Every entry must reappear in your answer exactly as written, though its pictures must not.
"""
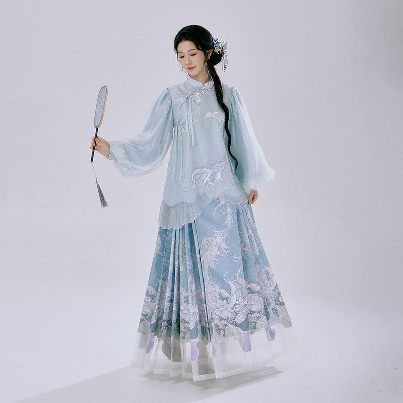 明制汉服成人新中式 月渺境 女2025新款 马面裙套装 半身裙 清波灵鱼
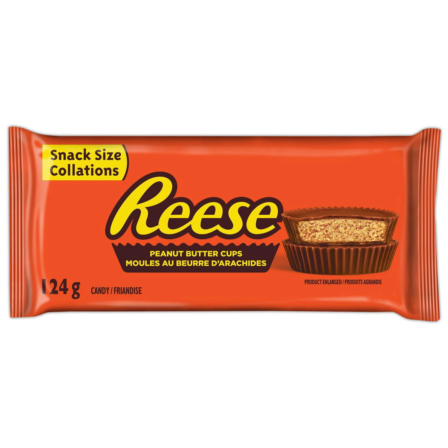 Experience the classic taste of Reese’s Peanut Butter Cups in a convenient snack-sized package. Order your 124g package of Reese’s Peanut Butter Cups Snack Sized Candy today and satisfy your sweet tooth with the perfect combination of peanut butter and milk chocolate.
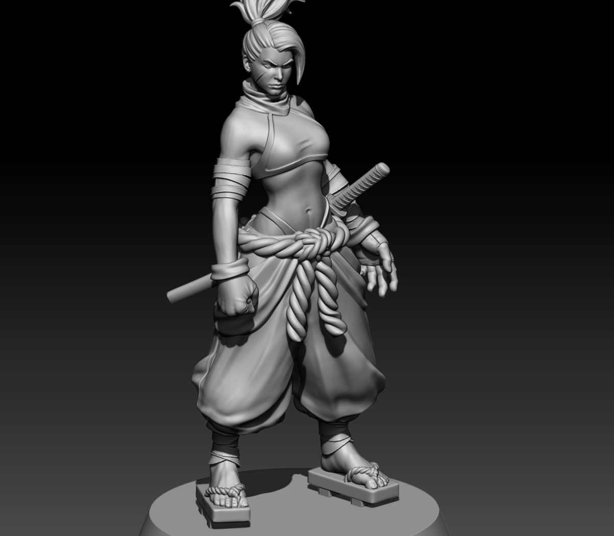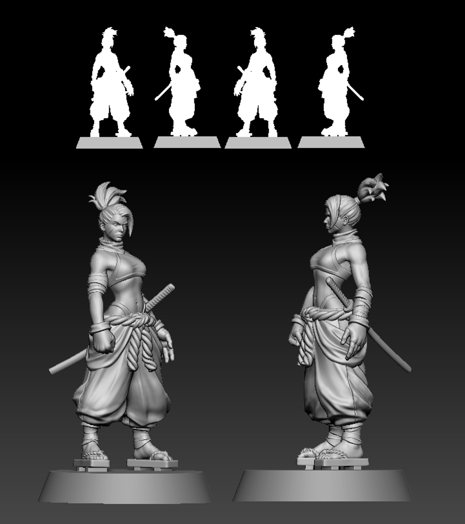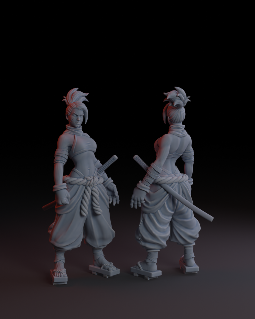 Her wooden sandals balance tradition and practicality, while the swords on her back suggest that no foe is beyond her reach. 🌟 Highlights: Confident pose, meticulous detail in her clothing and textures, perfect for stealth missions in RPGs or board games!
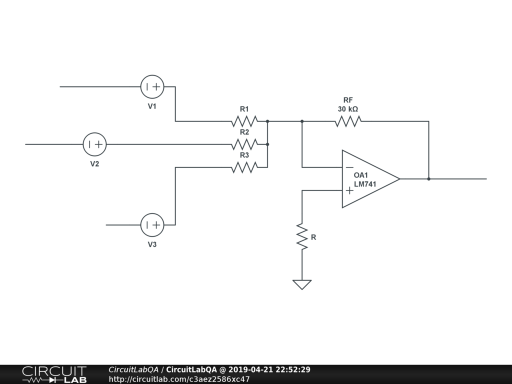 Given , V0= - (3V1+V2+0.2V3) V0 is the terminal at the right most end in the circuit. Estimate R1, R2, R3 and approximate value of R. Got R1, R2, R3. But how to approximate R ? |
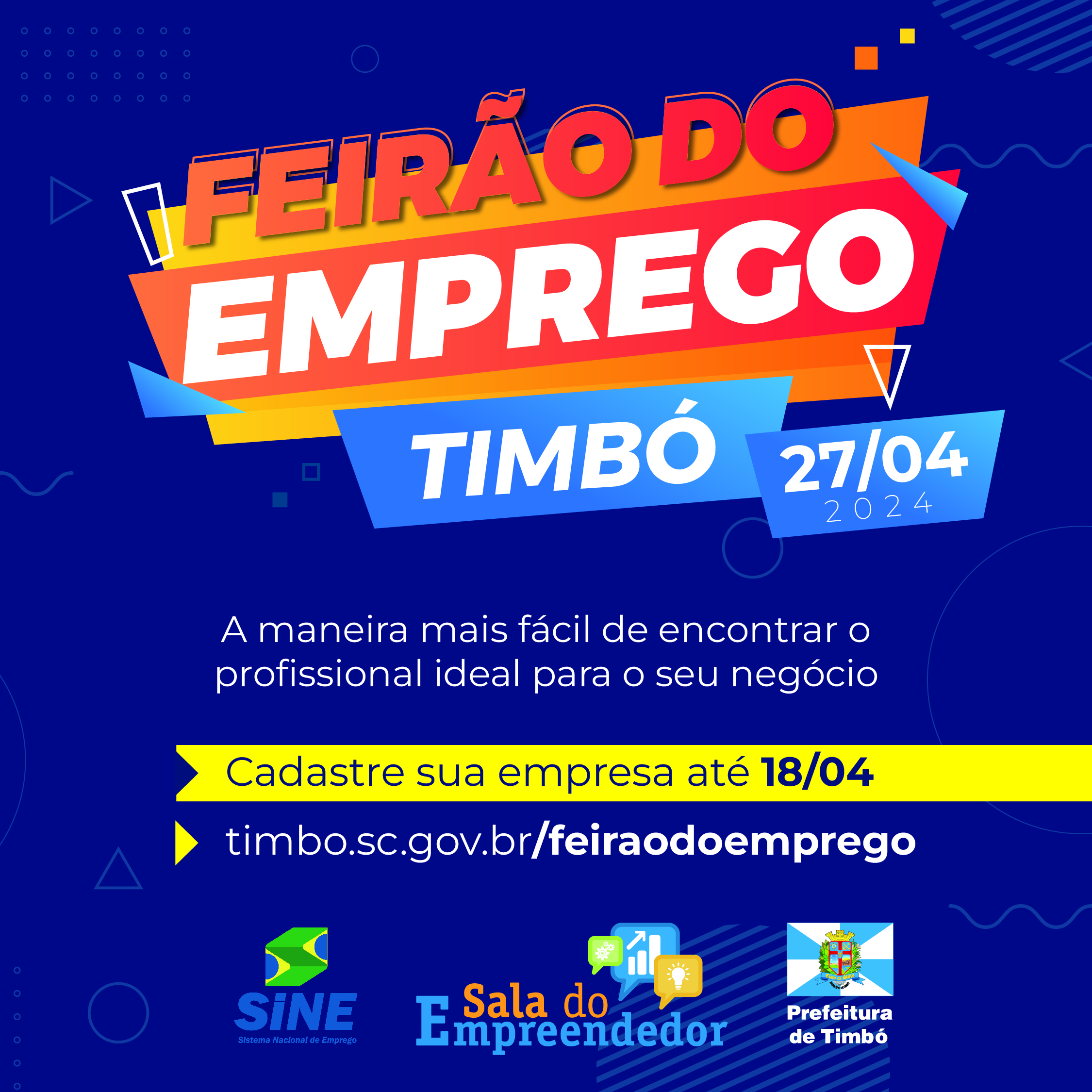No dia 27 de abril será realizada a segunda edição do Feirão do Emprego de Timbó, promovido pela Prefeitura de Timbó, através da Diretoria de Indústria, Comércio e Serviço, em parceria com o Sistema Nacional de Emprego (Sine Timbó).
"""
Answer section:
 明制汉服成人新中式 月渺境 女2025新款 马面裙套装 半身裙 清波灵鱼
 Experience the classic taste of Reese’s Peanut Butter Cups in a convenient snack-sized package. Order your 124g package of Reese’s Peanut Butter Cups Snack Sized Candy today and satisfy your sweet tooth with the perfect combination of peanut butter and milk chocolate.
 Her wooden sandals balance tradition and practicality, while the swords on her back suggest that no foe is beyond her reach. 🌟 Highlights: Confident pose, meticulous detail in her clothing and textures, perfect for stealth missions in RPGs or board games!
 Given , V0= - (3V1+V2+0.2V3) V0 is the terminal at the right most end in the circuit. Estimate R1, R2, R3 and approximate value of R. Got R1, R2, R3. But how to approximate R ? |
No dia 27 de abril será realizada a segunda edição do Feirão do Emprego de Timbó, promovido pela Prefeitura de Timbó, através da Diretoria de Indústria, Comércio e Serviço, em parceria com o Sistema Nacional de Emprego (Sine Timbó).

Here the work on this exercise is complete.